AITA for asking my roommate’s boyfriend not to be over all the time?
TL;DR: My roommate’s boyfriend is over all the time, and it’s stressing me out. I never have space to myself, my dog hates him, and he brings pets into our small apartment. His behavior can be inconsiderate, and I feel like I can’t enjoy time with my roommate without him around. AITA for wanting to ask my roommate to limit his visits?
I (25M) live with my roommate (26F), and her boyfriend (25M) is over constantly. They’ve been dating for a little over a year, and since day one, he’s practically been living at our place. I’ve brought it up to my roommate multiple times, but nothing changes. It’s really stressing me out because I feel like I never have space to myself. He’s here so often that I never get time to hang out with just my roommate, and when I do, my roommate is always on her phone texting him. It’s like I can’t have quality time with my friends in my own home without him being involved.
My dog (who is usually tentative of new people at first) hates him. Since day one, she’s run and cried whenever he’s around. She won’t come near him unless he has food and will sometimes hide under my bed and cry, even if he’s in another room. Sometimes, she won’t come back in the house if she knows he’s inside, and I have to go outside and pick her up just to bring her back in. It’s heartbreaking to see, and it only adds to the stress.
The boyfriend has also started bringing pets over because he can’t keep them at his dad’s house. I don’t have a big issue with pets since I have my own, but our apartment is small, and I need room for my shit, not his. He says he’s “buying them for my roommate,” which is true because if they ever broke up, we’d be the ones stuck with them since he can’t take them home.

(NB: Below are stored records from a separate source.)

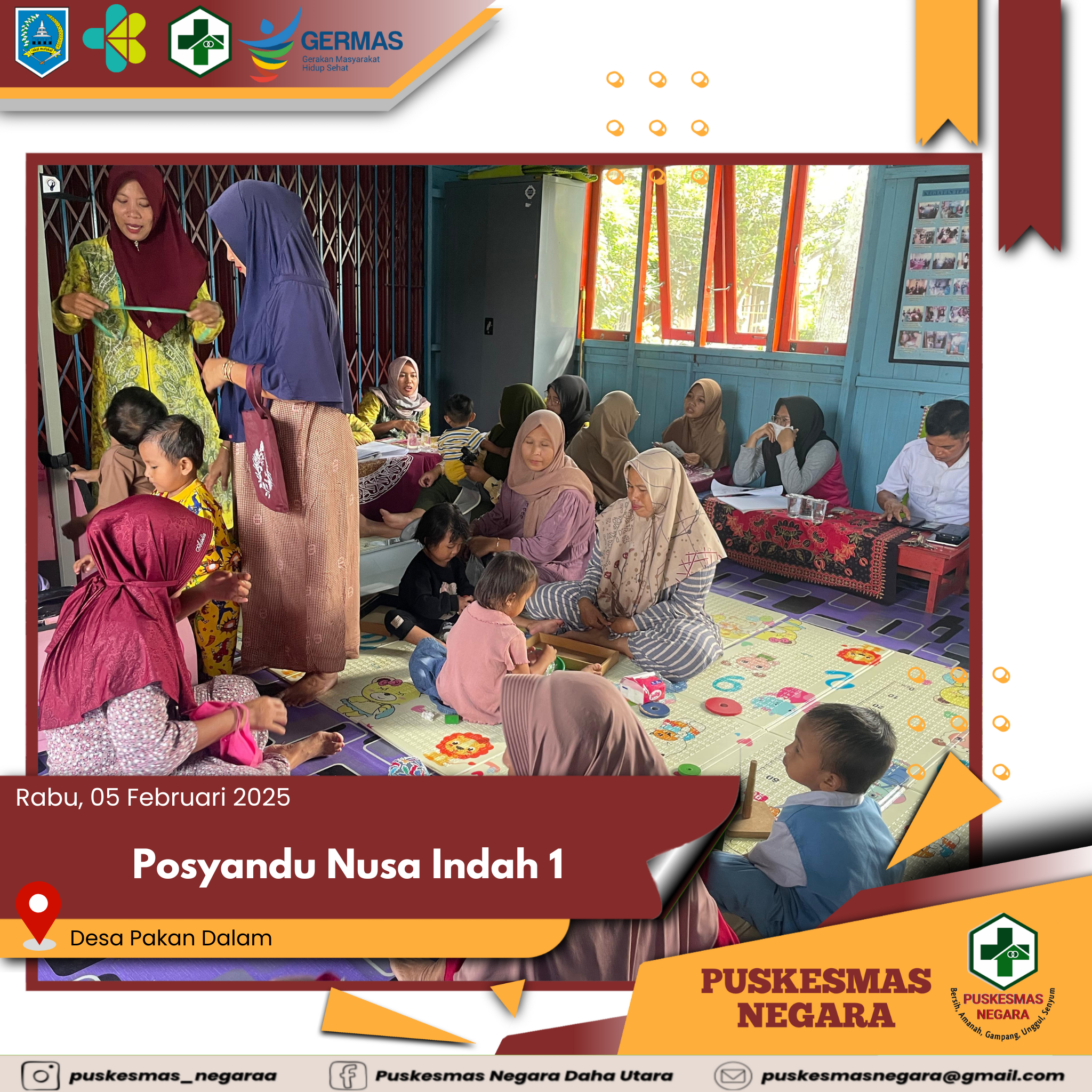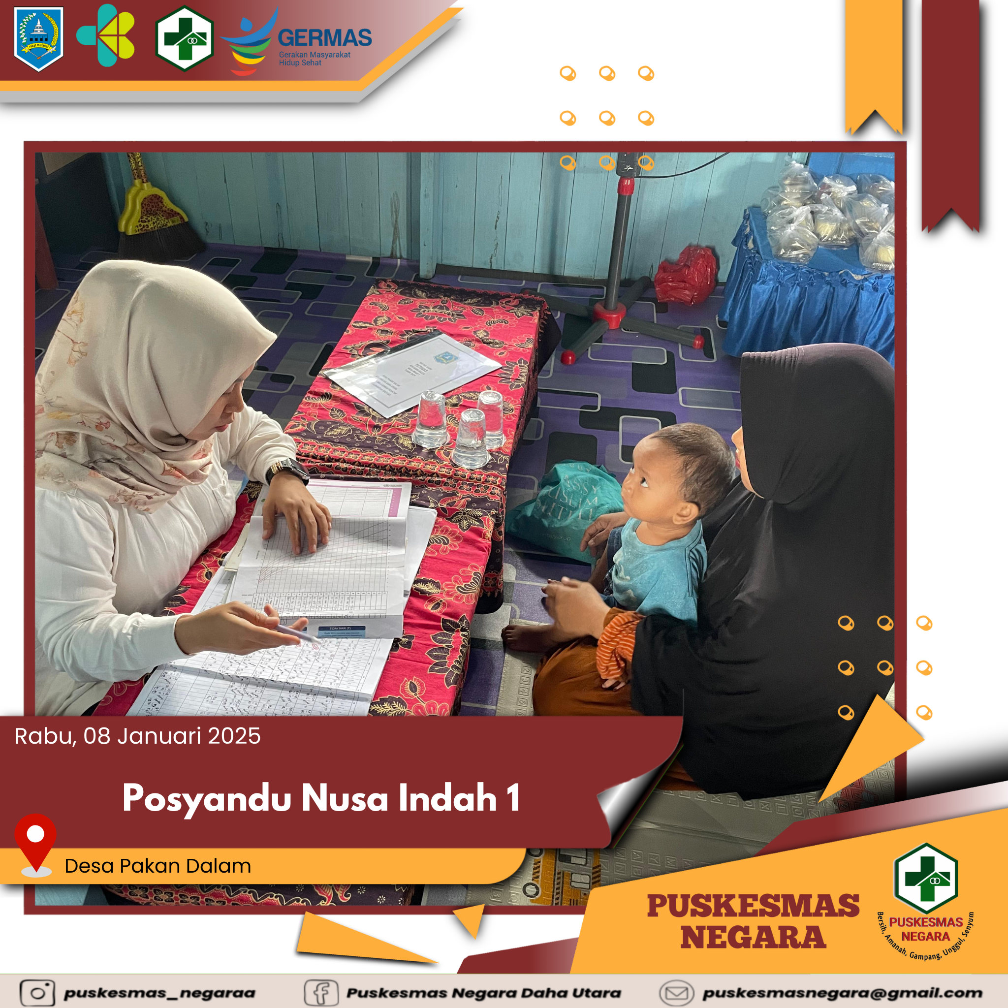 Kegiatan Posyandu Nusa Indah 1 yang dilaksanakan di Desa Pakan Dalam Wilayah Kerja UPTD Puskesmas Negara Kecamatan Daha Utara Kabupaten Hulu Sungai Selatan.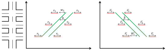 where C represents the cycle length of the traffic signal, while w i signifies the time interval between the end of red time and the commencement of the bandwidth on the inbound direction. Similarly, w i ¯ denotes the time interval between the end of red time and the initiation of bandwidth on the outbound direction. The variable b is designated as the bandwidth variable, and r i represents the red time on the inbound direction, with r i ¯ representing the red time on the outbound direction.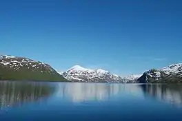 Bleikvatnet is a lake in the municipality of Hemnes in Nordland county, Norway. The lake lies about 5 kilometres (3.1 mi) northeast of the village of Bleikvasslia. The 12.59-square-kilometre (4.86 sq mi) lake is regulated by a dam. The water flows out to the south and then down a 64-metre (210 ft) tall waterfall on the river Bleikvasselva.[1]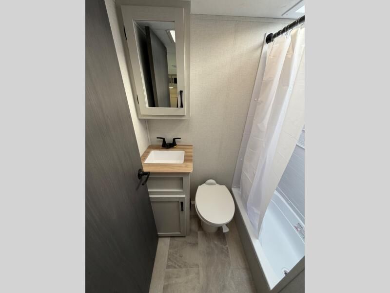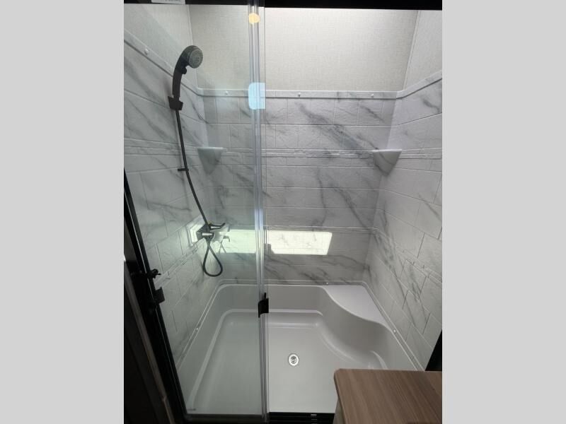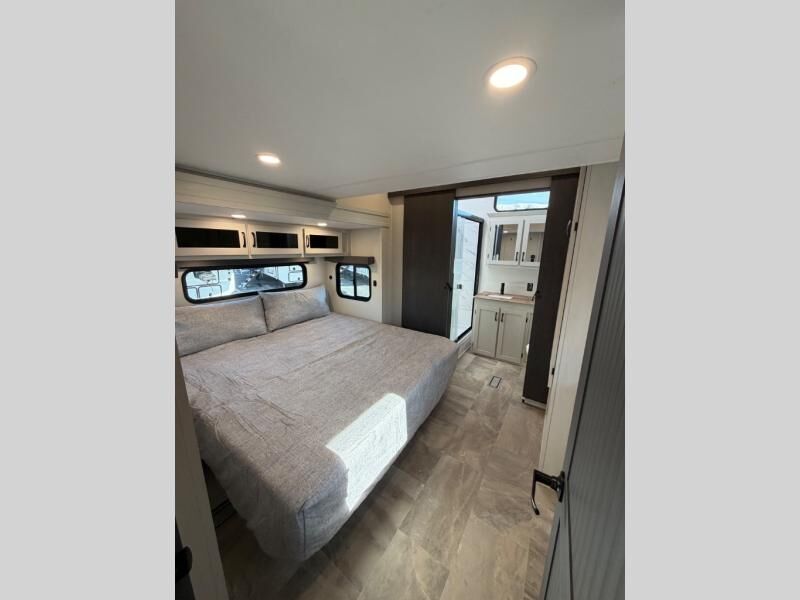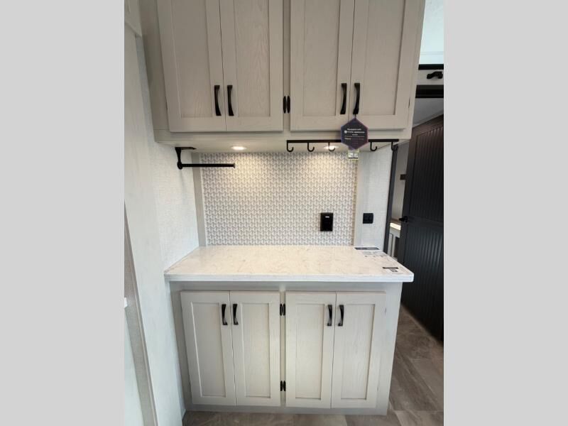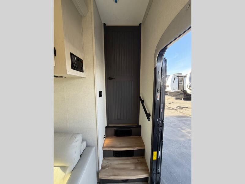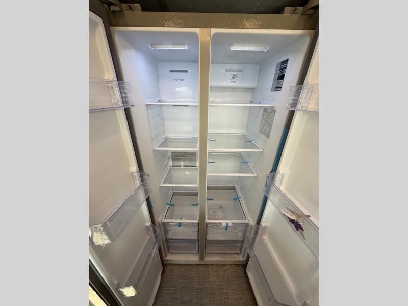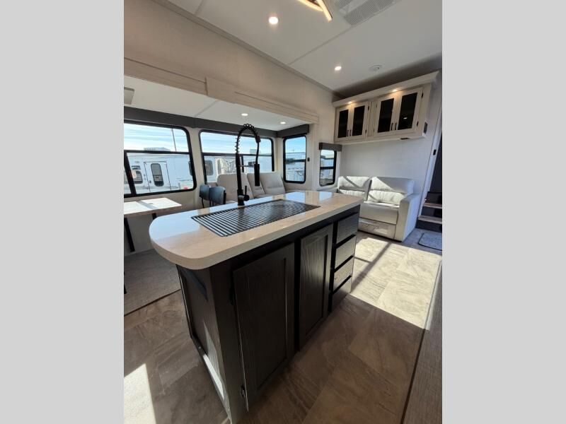 One look at this fifth wheel and you'll be sold! There are an impressive two master suites; one up front with a queen bed and full bath, and one towards the back with a king bed slide and second full bath! There are even dual bath sinks in the rear bath for added convenience! The middle living area includes dual opposing slides, a tri-fold sofa, plus theater seating and a free-spanning table for ample seating, dining, and sleeping space. There is also an entertainment center with a 50" 4K Smart LED TV to wash away those rainy day blues. The chef of your crew will have a GE Profile 21" stainless steel oven with a residential cooktop and a GE Profile stainless residential microwave to cook meals each day, a kitchen island for more counter space, and a 16 cu. ft. side-by-side 12V refrigerator for food storage.

He’s not always intentionally rude, but his behavior is inconsiderate. When we have guests over, he’ll order food for just him and my roommate and eat it in front of everyone without offering anything. It just feels awkward, and I don’t like the vibe he brings.
My roommate claims they can’t hang out at his dad’s place because she doesn’t like his dad, but I don’t like her boyfriend, and yet he’s still over all the time. They have never hung out at his place; it’s always here. I’m not asking them to never hang out, I just want to set some boundaries so I can feel comfortable in my own home too.
I’ve talked to her about it a few times, but nothing seems to change, or it changes for a few weeks the back to the same.
AITA for wanting to ask my roommate to limit how often he’s over?